=== WHAT NEEDS TO BE DONE ===
Set down every line from the one containing "2026年2月24日,山东的" through the last line of the records below, exactly as written, and leave out the pictures.

(Data extracted from a collection)

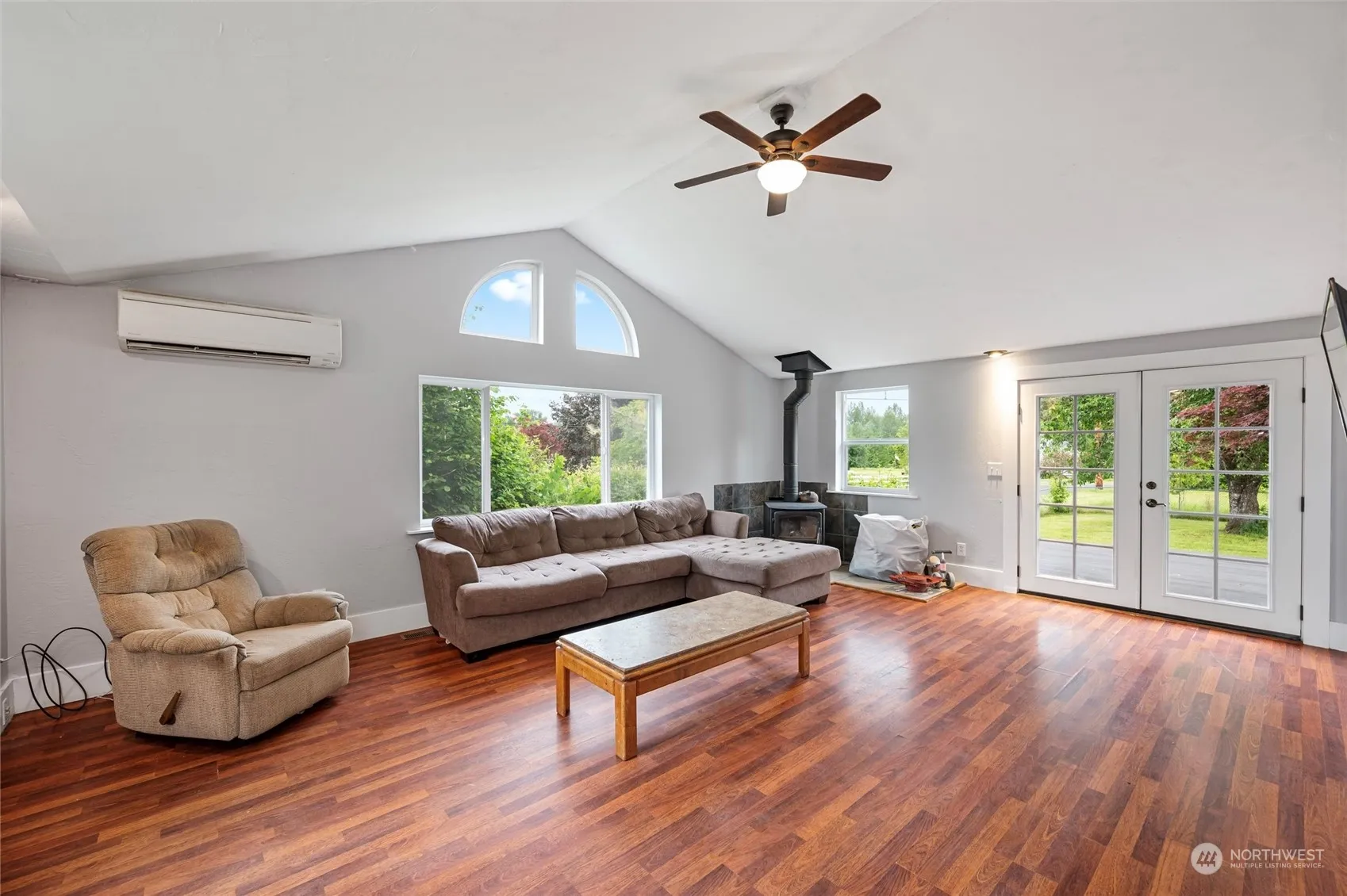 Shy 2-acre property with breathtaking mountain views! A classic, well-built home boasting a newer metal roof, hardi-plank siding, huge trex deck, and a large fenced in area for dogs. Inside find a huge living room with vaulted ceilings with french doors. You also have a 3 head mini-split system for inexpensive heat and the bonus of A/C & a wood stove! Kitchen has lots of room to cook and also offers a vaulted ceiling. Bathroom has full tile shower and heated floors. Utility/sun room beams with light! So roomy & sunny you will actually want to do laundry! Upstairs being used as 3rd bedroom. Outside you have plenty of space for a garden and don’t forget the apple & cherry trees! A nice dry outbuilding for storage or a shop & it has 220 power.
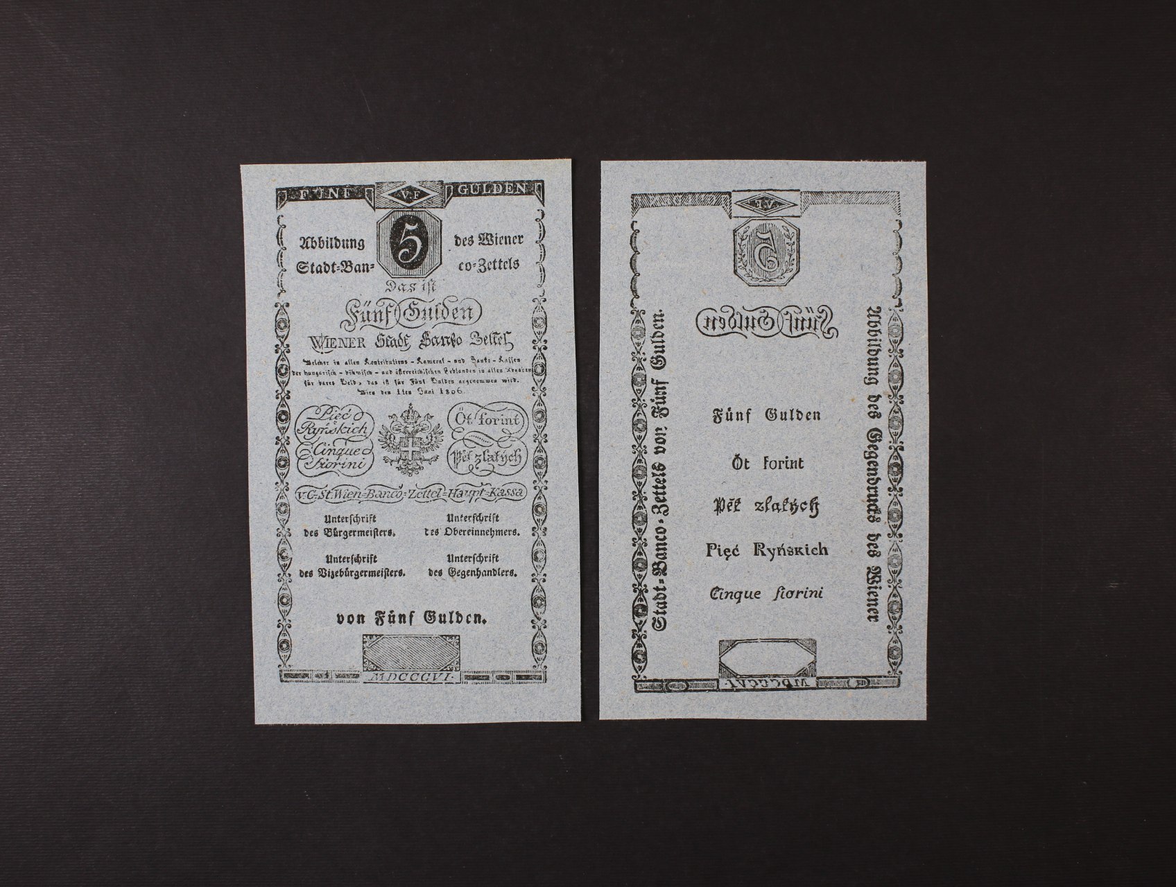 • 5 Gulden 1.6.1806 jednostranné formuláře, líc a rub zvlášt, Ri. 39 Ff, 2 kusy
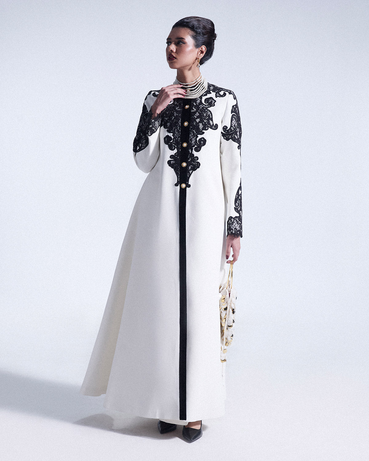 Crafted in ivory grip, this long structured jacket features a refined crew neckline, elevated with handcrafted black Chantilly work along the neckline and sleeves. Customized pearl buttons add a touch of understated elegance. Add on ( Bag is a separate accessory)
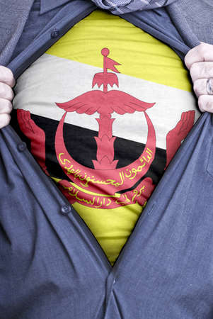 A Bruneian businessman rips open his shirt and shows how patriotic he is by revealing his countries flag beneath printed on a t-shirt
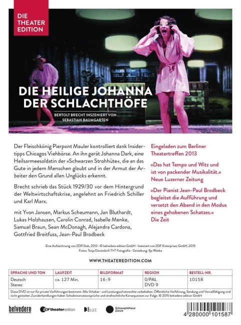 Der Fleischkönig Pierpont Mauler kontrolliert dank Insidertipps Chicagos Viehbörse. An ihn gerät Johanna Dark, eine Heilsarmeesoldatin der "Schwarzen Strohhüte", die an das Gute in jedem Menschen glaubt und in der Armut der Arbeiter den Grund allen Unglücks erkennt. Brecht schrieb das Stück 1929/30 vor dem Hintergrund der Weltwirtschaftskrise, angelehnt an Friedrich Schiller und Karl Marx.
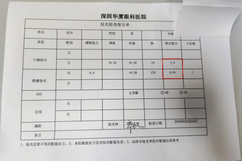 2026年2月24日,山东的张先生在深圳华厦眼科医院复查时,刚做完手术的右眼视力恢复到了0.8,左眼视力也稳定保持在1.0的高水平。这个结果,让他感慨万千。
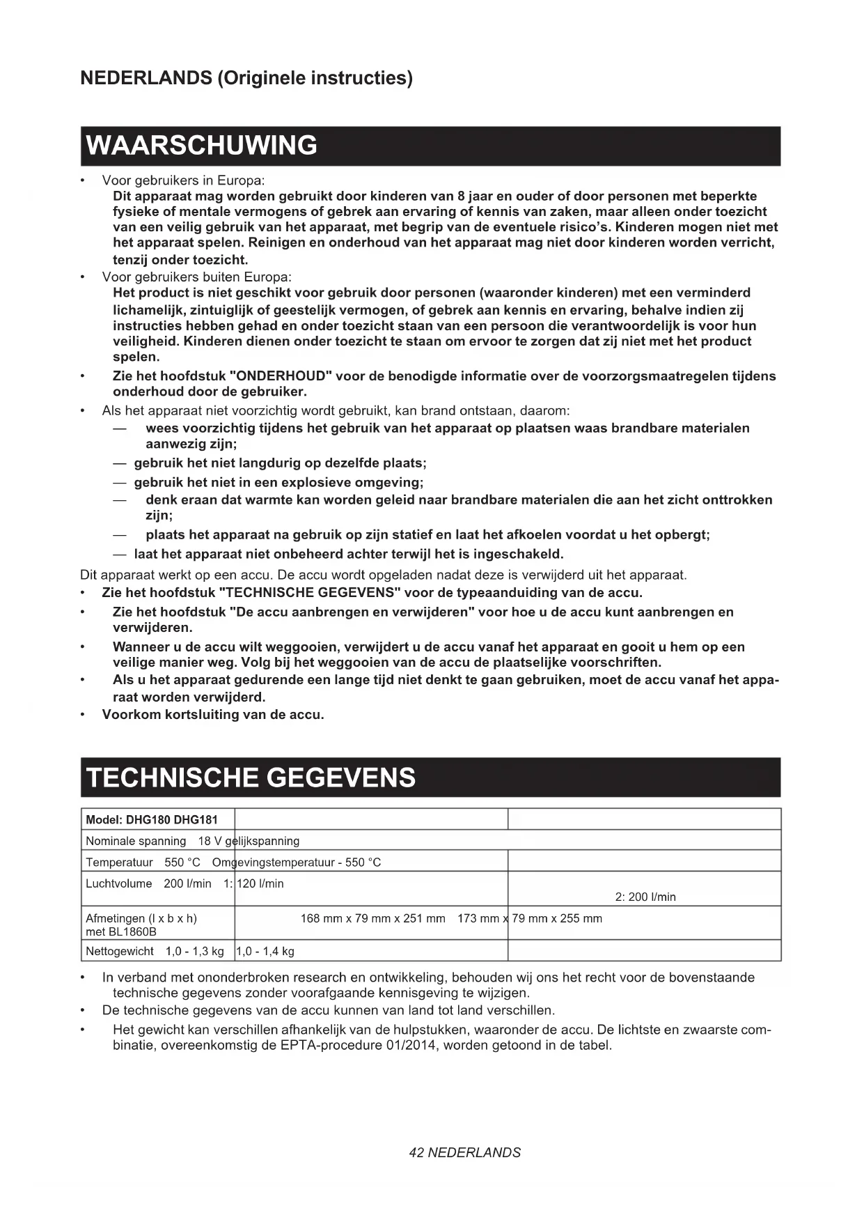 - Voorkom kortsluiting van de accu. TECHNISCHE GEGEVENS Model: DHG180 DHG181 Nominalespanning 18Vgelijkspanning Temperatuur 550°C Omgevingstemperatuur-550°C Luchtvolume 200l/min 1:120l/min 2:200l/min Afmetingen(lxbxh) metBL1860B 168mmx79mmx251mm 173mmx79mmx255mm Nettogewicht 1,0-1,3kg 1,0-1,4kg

=== PROBLEM SOLUTION ===
 2026年2月24日,山东的张先生在深圳华厦眼科医院复查时,刚做完手术的右眼视力恢复到了0.8,左眼视力也稳定保持在1.0的高水平。这个结果,让他感慨万千。
 - Voorkom kortsluiting van de accu. TECHNISCHE GEGEVENS Model: DHG180 DHG181 Nominalespanning 18Vgelijkspanning Temperatuur 550°C Omgevingstemperatuur-550°C Luchtvolume 200l/min 1:120l/min 2:200l/min Afmetingen(lxbxh) metBL1860B 168mmx79mmx251mm 173mmx79mmx255mm Nettogewicht 1,0-1,3kg 1,0-1,4kg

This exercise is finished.